WORK TO BE COMPLETED: Reproduce exactly only the lines from the line that holds "正好之前研究过,cocos在" to the line that holds "Alterna duschhörna rund", inclusive, in the listing below, and please leave out every picture.

GIVEN RECORDS:
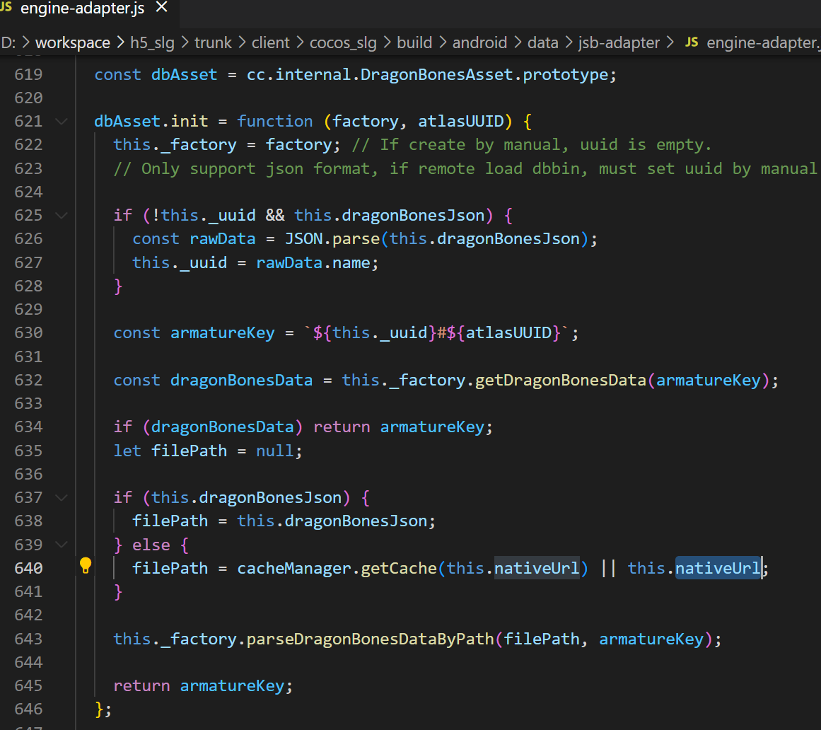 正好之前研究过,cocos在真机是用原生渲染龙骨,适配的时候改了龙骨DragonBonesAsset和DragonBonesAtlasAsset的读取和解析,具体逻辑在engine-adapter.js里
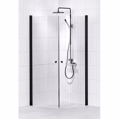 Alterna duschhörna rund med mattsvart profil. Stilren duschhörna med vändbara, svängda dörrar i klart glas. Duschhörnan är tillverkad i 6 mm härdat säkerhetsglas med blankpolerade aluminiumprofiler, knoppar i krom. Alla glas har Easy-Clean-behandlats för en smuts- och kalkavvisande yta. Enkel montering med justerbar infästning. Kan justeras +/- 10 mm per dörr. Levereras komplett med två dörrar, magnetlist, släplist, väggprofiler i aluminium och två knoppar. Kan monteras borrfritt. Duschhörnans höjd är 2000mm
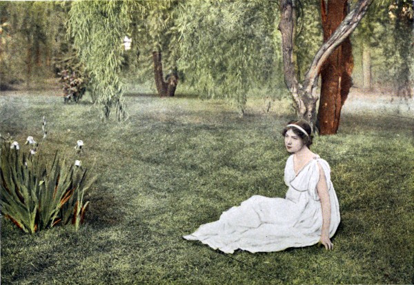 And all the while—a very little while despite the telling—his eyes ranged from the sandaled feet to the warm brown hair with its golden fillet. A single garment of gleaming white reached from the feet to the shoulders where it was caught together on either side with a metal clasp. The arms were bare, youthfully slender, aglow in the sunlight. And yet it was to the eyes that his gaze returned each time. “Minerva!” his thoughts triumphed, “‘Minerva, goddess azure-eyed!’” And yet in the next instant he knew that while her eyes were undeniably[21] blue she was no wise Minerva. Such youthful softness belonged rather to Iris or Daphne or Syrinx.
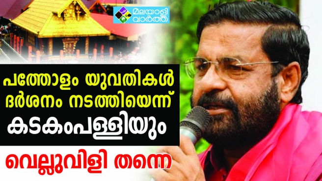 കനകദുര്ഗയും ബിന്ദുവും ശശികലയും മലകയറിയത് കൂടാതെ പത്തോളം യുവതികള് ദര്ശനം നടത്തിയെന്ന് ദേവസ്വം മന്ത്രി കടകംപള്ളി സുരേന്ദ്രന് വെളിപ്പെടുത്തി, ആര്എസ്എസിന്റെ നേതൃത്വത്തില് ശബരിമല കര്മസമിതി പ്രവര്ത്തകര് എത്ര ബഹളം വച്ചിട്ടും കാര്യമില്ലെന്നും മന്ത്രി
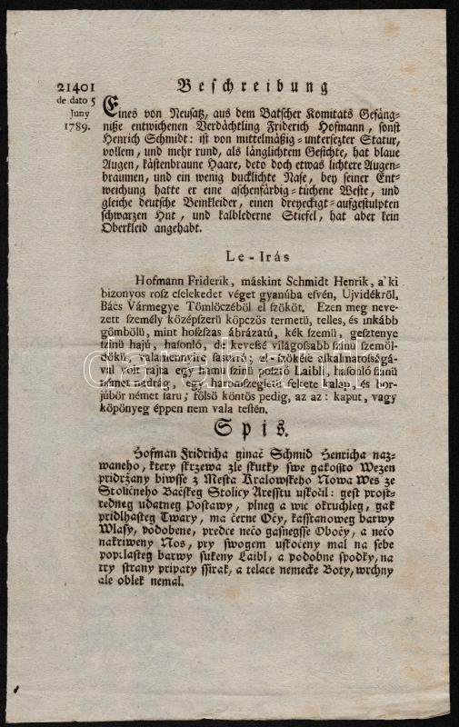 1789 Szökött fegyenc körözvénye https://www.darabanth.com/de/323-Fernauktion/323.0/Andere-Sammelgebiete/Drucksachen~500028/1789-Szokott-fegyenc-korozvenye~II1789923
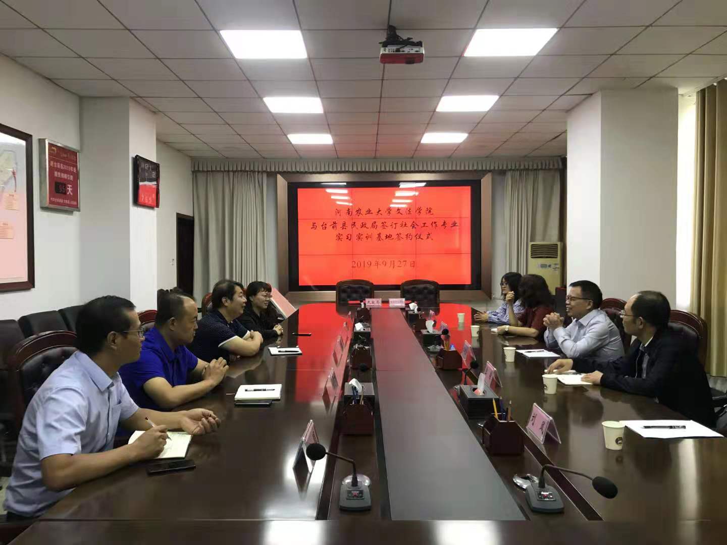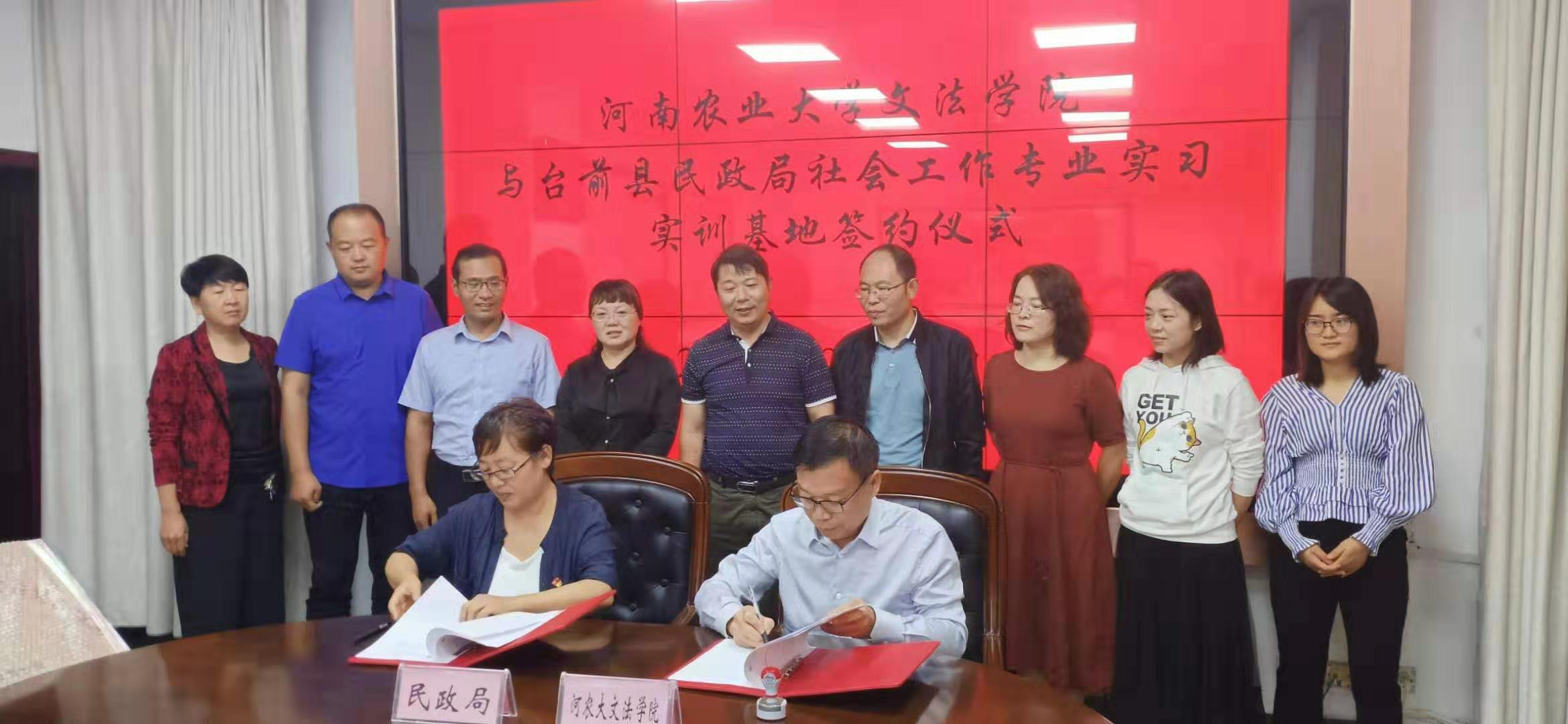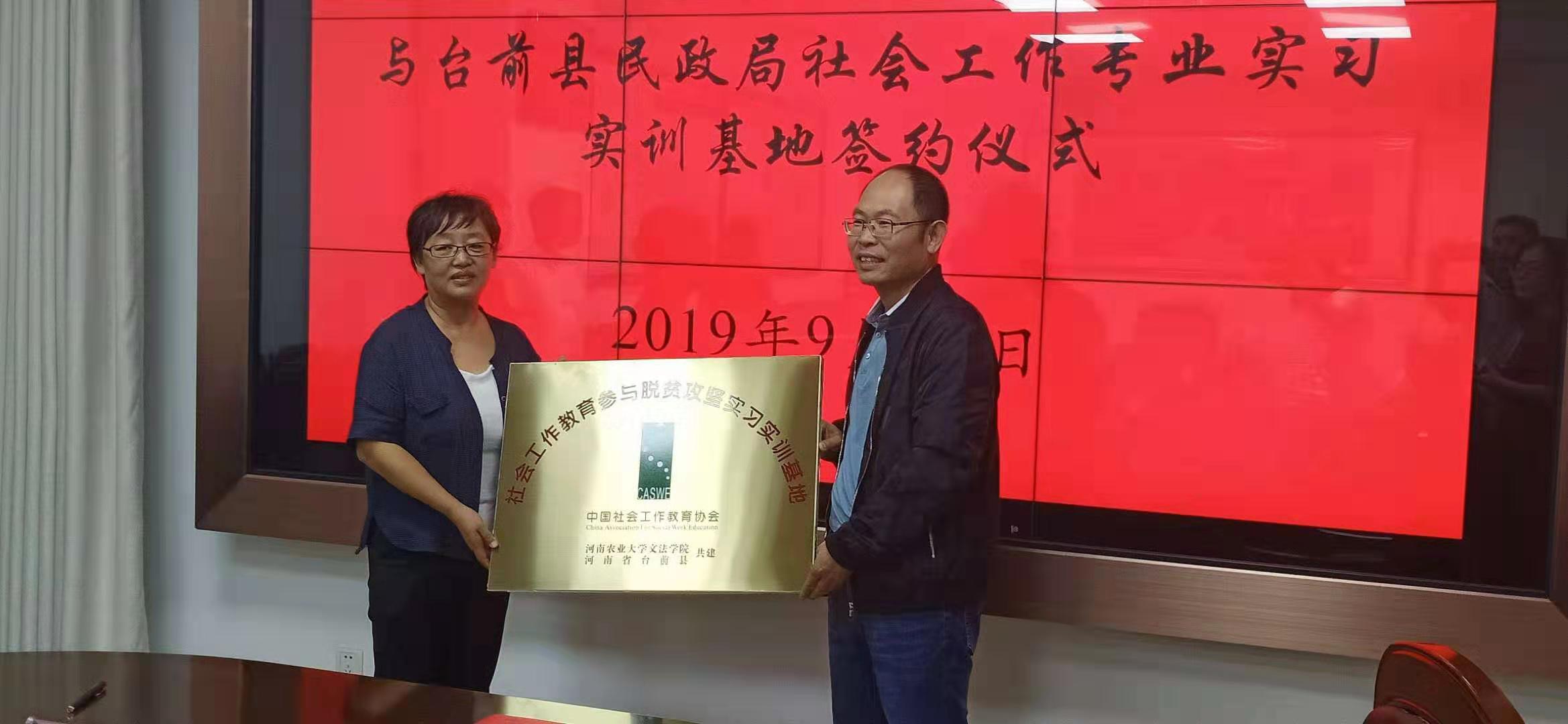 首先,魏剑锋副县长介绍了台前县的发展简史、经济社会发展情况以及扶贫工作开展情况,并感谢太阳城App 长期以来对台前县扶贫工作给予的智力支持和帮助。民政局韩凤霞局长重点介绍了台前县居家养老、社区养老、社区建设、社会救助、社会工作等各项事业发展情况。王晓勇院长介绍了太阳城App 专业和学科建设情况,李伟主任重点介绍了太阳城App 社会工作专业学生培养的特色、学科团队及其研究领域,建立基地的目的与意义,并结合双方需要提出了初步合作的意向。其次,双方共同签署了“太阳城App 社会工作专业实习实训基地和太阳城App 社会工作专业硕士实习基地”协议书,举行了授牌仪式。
--
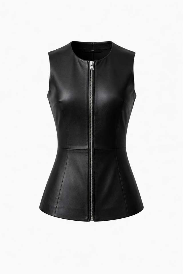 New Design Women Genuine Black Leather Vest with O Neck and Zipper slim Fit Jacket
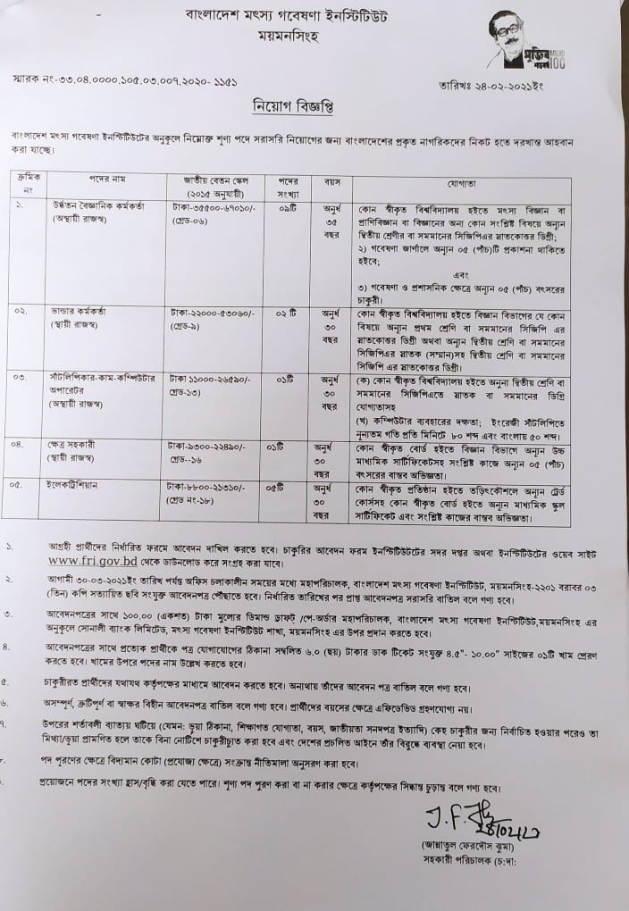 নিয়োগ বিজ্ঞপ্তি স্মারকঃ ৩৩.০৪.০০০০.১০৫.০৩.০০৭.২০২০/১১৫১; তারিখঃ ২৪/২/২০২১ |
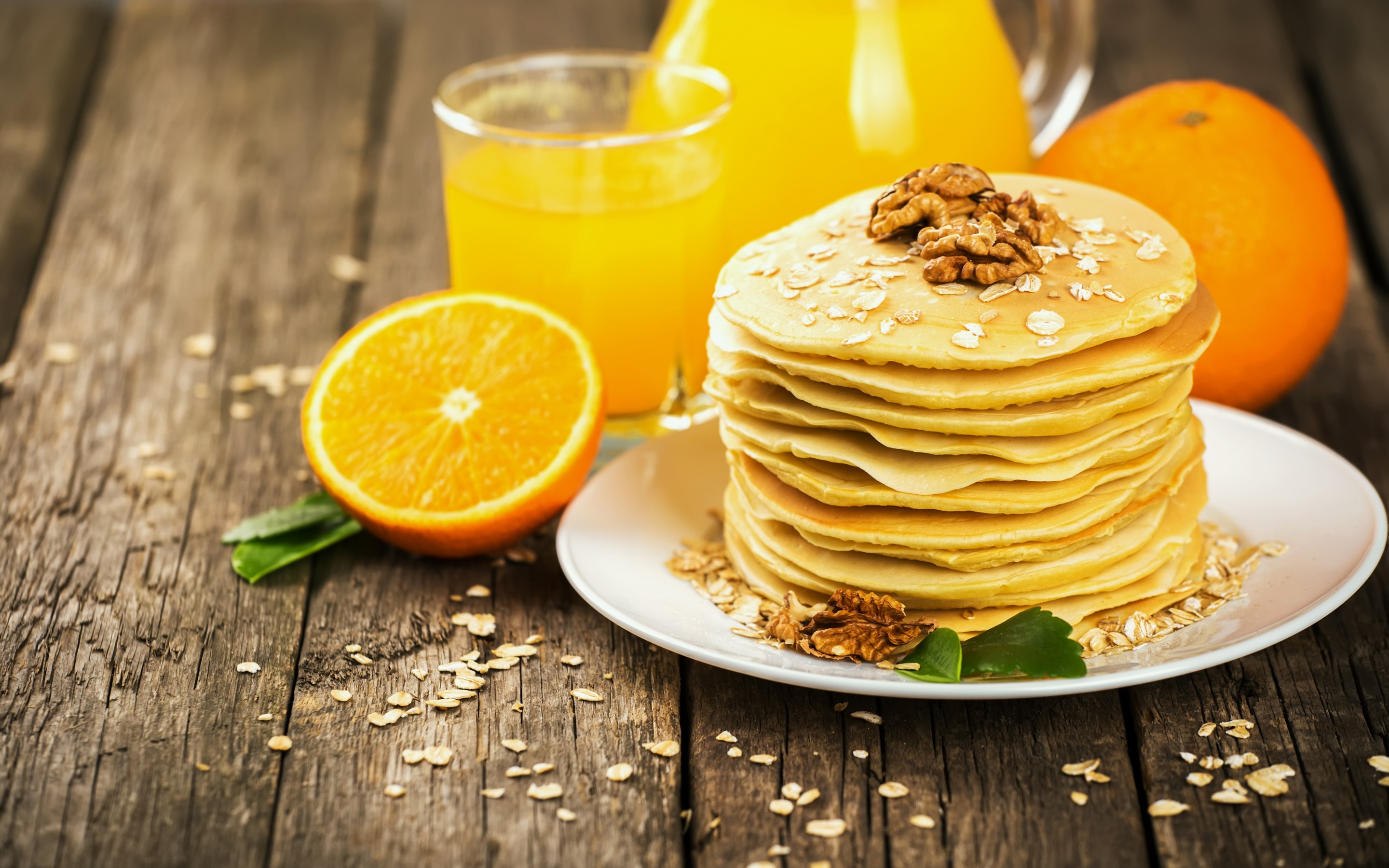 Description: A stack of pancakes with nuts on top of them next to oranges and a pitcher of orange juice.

ANSWER TO THIS TASK:
 正好之前研究过,cocos在真机是用原生渲染龙骨,适配的时候改了龙骨DragonBonesAsset和DragonBonesAtlasAsset的读取和解析,具体逻辑在engine-adapter.js里
 Alterna duschhörna rund med mattsvart profil. Stilren duschhörna med vändbara, svängda dörrar i klart glas. Duschhörnan är tillverkad i 6 mm härdat säkerhetsglas med blankpolerade aluminiumprofiler, knoppar i krom. Alla glas har Easy-Clean-behandlats för en smuts- och kalkavvisande yta. Enkel montering med justerbar infästning. Kan justeras +/- 10 mm per dörr. Levereras komplett med två dörrar, magnetlist, släplist, väggprofiler i aluminium och två knoppar. Kan monteras borrfritt. Duschhörnans höjd är 2000mm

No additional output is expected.